My Interest as a practising Lawyer is opposed to the Bill; but my duty as a member of the Legislature makes it proper for me to urge its establishment. Opposition from Mr. Bayard certainly comes with a very ill grace: for he not only was a principal in obtaining the first Act; but, upon the Commissioners having, in one instance, determined against Captn. Kennedy, and it seems offended him (by judging for themselves) in such a manner that he made representations to the Board of Trade against the Act, and the Governor, for having passed it, without a suspending clause;3 Mr. Bayard very properly stood forth on this occasion, as Captn. Kennedy’s Antagonist, and used his utmost influence on your side the water to preserve the Bill; alledging it was a most important and necessary Act, and that it might well have been passed without a suspending clause, as it was, in fact, not a private but public Bill, and affected the peace and interest of the whole province. You may perhaps recollect something of this last transaction, as I presume the Governor wrote you at that time upon the occasion; and if necessary, I presume you may be able to furnish yourself with the papers he sent over.

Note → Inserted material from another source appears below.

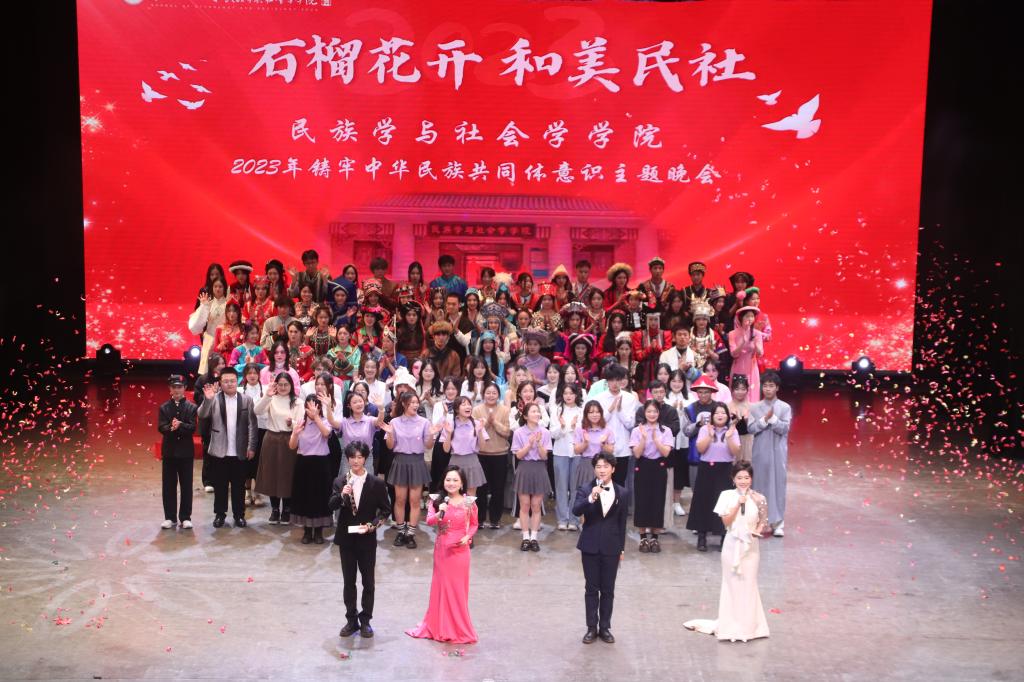 石榴花開青年路,石榴結籽心連心。12月3日晚,民族學與社會學學院首屆鑄牢中華民族共同體意識主題晚會在大禮堂舉行。學院領導、各年級師生,各兄弟學院團委老師、團學干部代表共享青春盛宴。

My letter is swelling to an undue extent, and yet all the facts which peradventure may be expedient for you to be acquainted with have not been mentioned: but upon a perusal of the former Bill; of the Supplementary Act, when it shall come to your hands; and other papers perhaps in your own hands and the plantation office; together with the Copy of the petition herewith sent, and this letter, I hope you will have facts sufficient to defeat any attempts which Mr. Bayard may make against the Bill. He is now in England—went over as he pretended, to sollicit an Adjudication of the King and Council against the late determination of the Commissioners respecting the New Jersey and New York line:4 but it is not doubted will, at the same time use every method in his power to get this Supplementary Act condemned.

The Council advised the Governor to pass the present Act without a suspending clause, as it was only supplementary, and the original Bill had no such clause: yet they thought it proper to give Mr. Bayard full opportunity of spending his fire against it; and therefore by a Clause which they added, the Act is not to take effect till some time next September, if I recollect right. It is probable I think that all the noise Mr. Bayard may make about it, will not induce the Lords of Trade to take the Bill into consideration, as it is only to carry into execution what remained to be done under the former Act: but if he should, I must beg you’ll please to take it very particularly under your protection, and if any extra expence shall attend your care in opposing Mr. Bayard, I engage in behalf of the proprietors of Sekakus to make full compensation.

Mrs. Stockton5 remembers you with great respect, and desires me to present her compliments. I am, with much esteem, Dear Sir Your most obedient and very humble Servant

Richd Stockton

B. Franklin Esqr;

Endorsed: Mr Stockton Dec. 22. 1769

[Note numbering follows the Franklin Papers source.]

6An attorney and member of the New Jersey Council, for whom see above, XII, 78 n.

7See New Jersey Assembly Committee of Correspondence to BF above, Dec. 7, 1769.

8The initial act appointing commissioners was passed in 1763, and the supplementary act on Nov. 16, 1769; the latter was disallowed by the Privy Council on June 6, 1770. Ownership of the Bergen lands was not finally settled until after the passage of a New Jersey statute in 1784. Charles H. Winfield, History of the Land Titles in Hudson County, N.J., 1609–1871 (New York, 1872), pp. 18–24, 285–8; I N.J. Arch., X, 152 n.

9For Col. William Bayard see above, XV, 125 n.

1For Bayard’s petition to the Board of Trade see I N.J. Arch., X, 168–72.

2As to.

3For Capt. Archibald Kennedy, R.N., a large landowner in New Jersey, see above, XIV, 293n; for documents relating to his complaint see I N.J. Arch., IX, 459–75.

4The recent fixing of the boundary by a royal commission had dissatisfied both colonies; see above, XIV, 196–7.

5Annis Boudinot Stockton, the daughter of BF’s former neighbor, Elias Boudinot. See above, X, 174 n.